• [Aim of the task]: Write the listing below out again in full, dropping its pictures.

• [Source material]:
>>
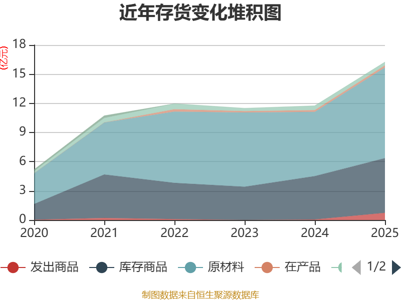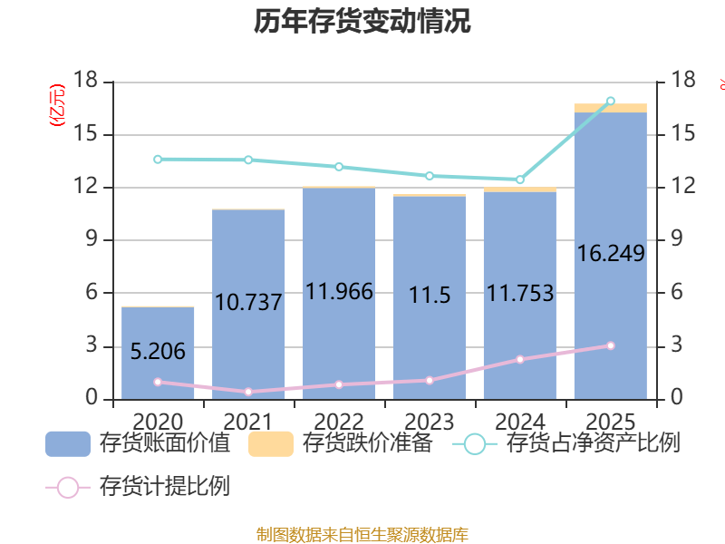 从存货变动来看,截至2025年末,公司存货账面价值为16.25亿元,占净资产的16.9%,较上年末增加4.5亿元。其中,存货跌价准备为5057.04万元,计提比例为3.02%。
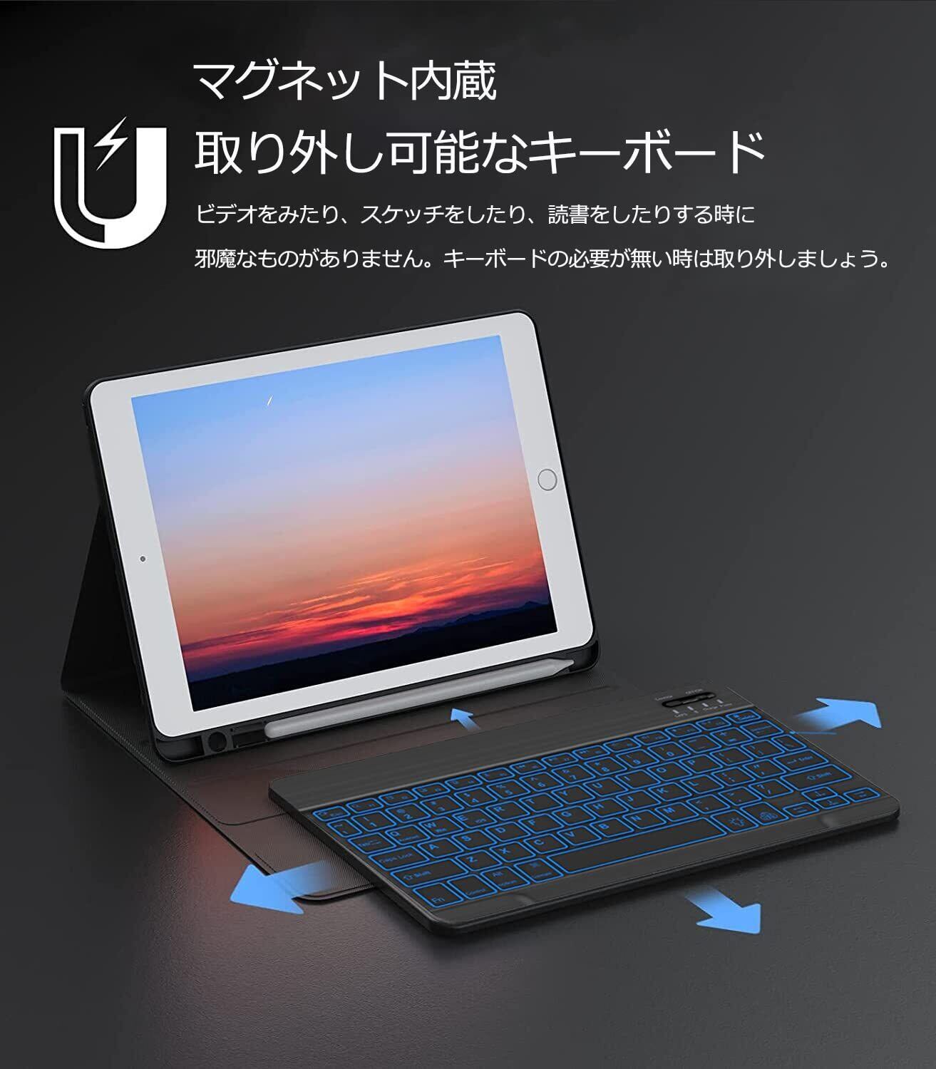 【在庫処分】【2024年進級版】 iPad 6世代 キーボード 7色バックライト iPad Air 2 キーボード付きケース 軽量 ペン収納 ワイヤレス bluetoothキーボードカバー 脱着式 耐衝撃 iPad 第5世代/Pro 9.7インチ兼用 オートスリープ機能付き 多角度調整 全面保護 ブラック
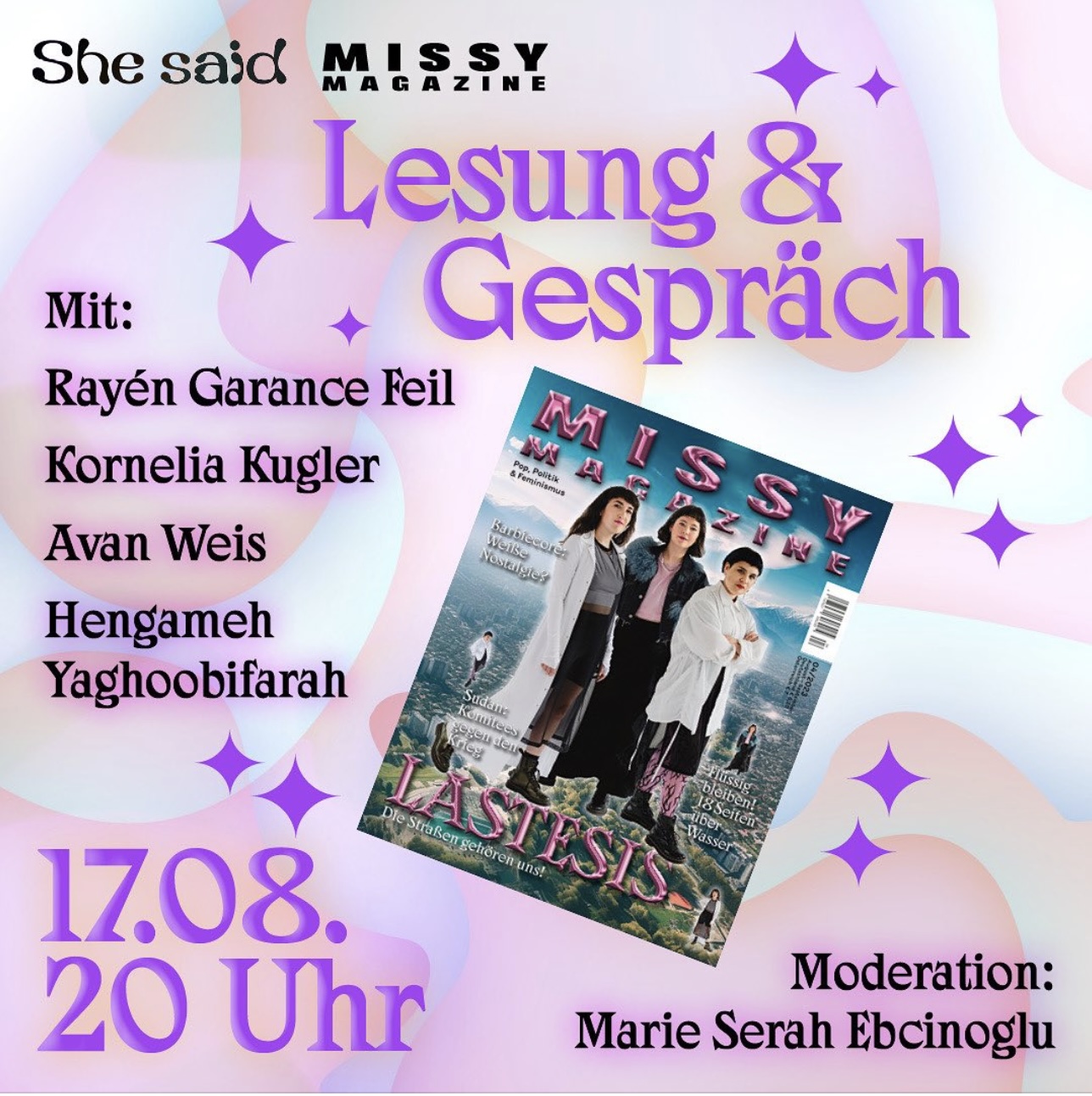 Reading and talk for Missy Magazine with editors Hengameh Yaghoobifarah, Rayén Feil and Serah Ebcinoglu and authors Alan Weiß and Kornelia Kugler.
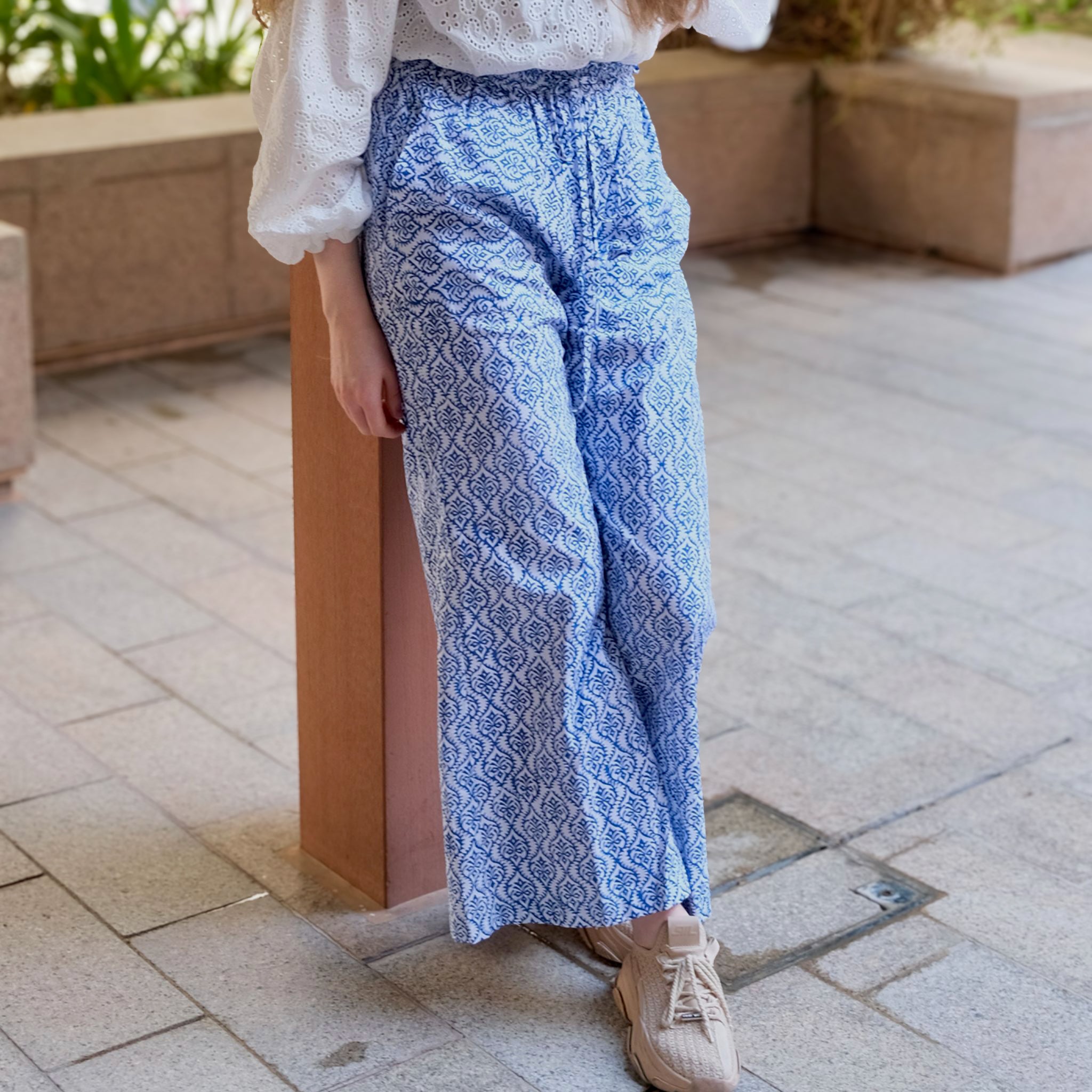Azure Whisper Palazzo is a harmonious blend of comfort and style, perfect for elevating your everyday wardrobe.
<<
• [Answer section]:
 从存货变动来看,截至2025年末,公司存货账面价值为16.25亿元,占净资产的16.9%,较上年末增加4.5亿元。其中,存货跌价准备为5057.04万元,计提比例为3.02%。
 【在庫処分】【2024年進級版】 iPad 6世代 キーボード 7色バックライト iPad Air 2 キーボード付きケース 軽量 ペン収納 ワイヤレス bluetoothキーボードカバー 脱着式 耐衝撃 iPad 第5世代/Pro 9.7インチ兼用 オートスリープ機能付き 多角度調整 全面保護 ブラック
 Reading and talk for Missy Magazine with editors Hengameh Yaghoobifarah, Rayén Feil and Serah Ebcinoglu and authors Alan Weiß and Kornelia Kugler.
Azure Whisper Palazzo is a harmonious blend of comfort and style, perfect for elevating your everyday wardrobe.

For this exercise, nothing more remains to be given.